Somehow he gained control of his feet and staggered alongside Tibs to the other side of the rubble. He expected to feel light, free of his burdens, as he had after Aransa.
And yet hunger still consumed him.
“Not your best plan.” Tibs brushed chalk-white dust from his coat and slapped his hat against his thigh. Somehow the ties had torn off his wrists during the blast, leaving rashy smears across his skin. A thin trickle of blood leaked from his temple. Detan looked away, stomach clenching. It was all he could do to ignore the siren call of the sheet of sel blanketing the building. Whatever Coss had condensed from the air, the raw mass of Aella’s defensive measures remained. He suspected, though the memory was hazy, that it’d been Aella’s ability that cut him short before he made use of that thick cloud.
Great bells rang out, clanging from atop the towers of the Remnant’s five buildings.
“Desperate times.” He tried to keep his voice light, but it creaked over the dusty dryness in his throat and his grin was limp.
Pelkaia staggered out behind them, Coss’s arm thrown around her shoulders to keep her upright. Detan looked away from the anger in her eyes, tried to stifle the firestorm of guilt building in his chest. He’d been careless, as usual. Throwing around his power to suit his need. Could have been a load-bearing wall, he realized. Could have brought the whole thing down on their heads.

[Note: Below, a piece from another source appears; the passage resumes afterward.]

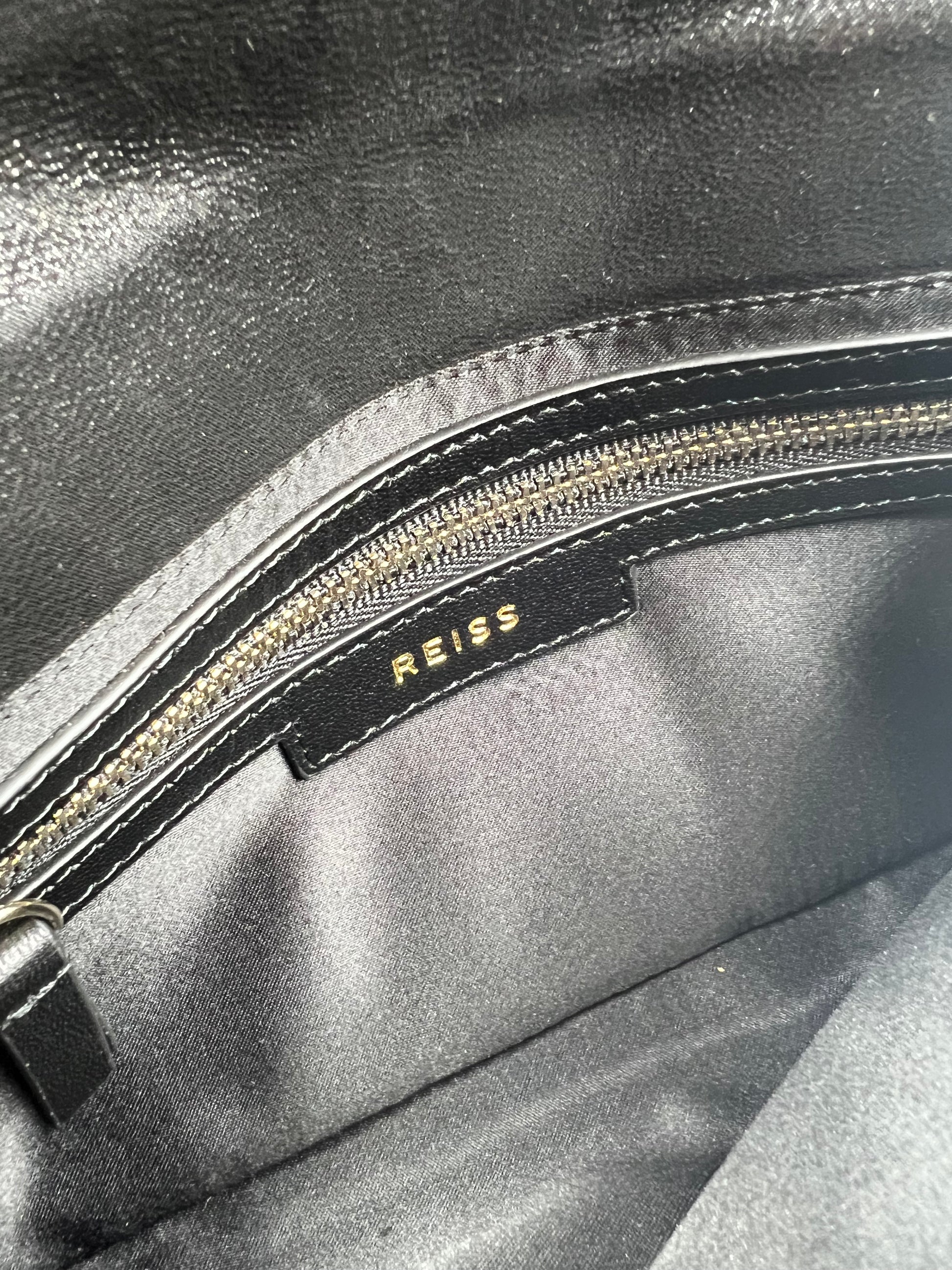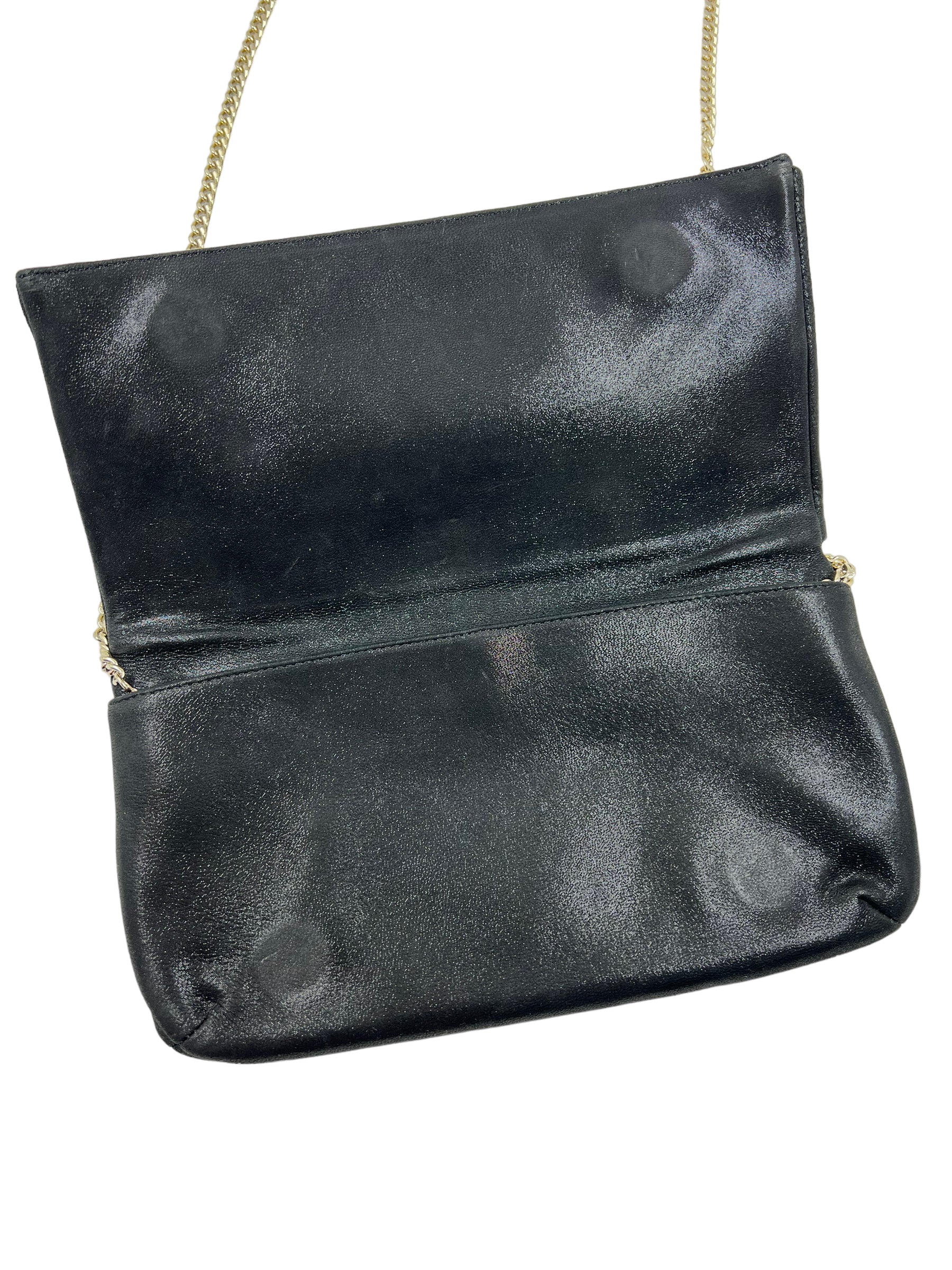 Black iridescent suede Beau clutch with pleated detail and removable gold chain strap. Comes with dust bag.

“Sirra,” Tibs said, and the use of his nickname brought his head up sharp. Tibs was frowning at him, the blood from his temple having found a smeared path through the stubble on his chin. “Still with me?”
“More or less,” he grated, looking around at the disaster he’d wrought. Stone groaned, the ominous, grating sound loud to his ears even above the peel of the Remnant’s alarm bells. The whole windowed face of the yellowstone house was blown clear off, the rectangular shape of Aella’s desk the only stick of furniture left standing, its presence made ridiculous by its normalcy.